Director Appointment4 July 2018ATMConsumer Staples

NZX Code: ATM
ASX Code: A2M



5 July 2018

NZX/ASX Market Release


Managing Director & CEO Succession


Further to the announcement advising of the appointment of Ms Jayne Hrdlicka as Managing Director and CEO of

The a2 Milk Company Limited, the Board of Directors is now very pleased to confirm that Jayne will take up these

roles on Monday, 16 July 2018.


As previously noted, Jayne is an outstanding senior executive with particular strengths highly relevant to a2MC’s

next growth phase.
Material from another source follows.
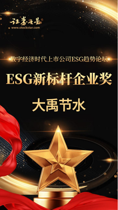 近日,由杭州市西湖区商务局(金融办)、西湖区投资促进局、西湖区古荡街道办事处联合证券之星举办的“数字经济时代上市公司ESG趋势论坛”圆满收官。在本次论坛中,大禹节水凭借在ESG领域的出色表现,荣获“证券之星ESG新标杆企业奖”奖项。

These include her extensive experience in strategy formulation and execution, insight into

customer-centricity and innovation and importantly an understanding of operating in a disruptive environment.


Jayne was most recently employed for 5 years in the role of CEO of the Jetstar Group, a wholly owned subsidiary of

Qantas Limited and also served as a Non-Executive Director of Woolworths Limited during this time. In her earlier

career, Jayne was a partner at Bain & Company in the US, where she was focused on customer orientated

businesses. Jayne is also the current non-executive President of Tennis Australia.


The material terms of Jayne’s employment agreement are summarised in the Appendix, and have been structured

using the same underlying principles which apply to all of the Company’s senior staff.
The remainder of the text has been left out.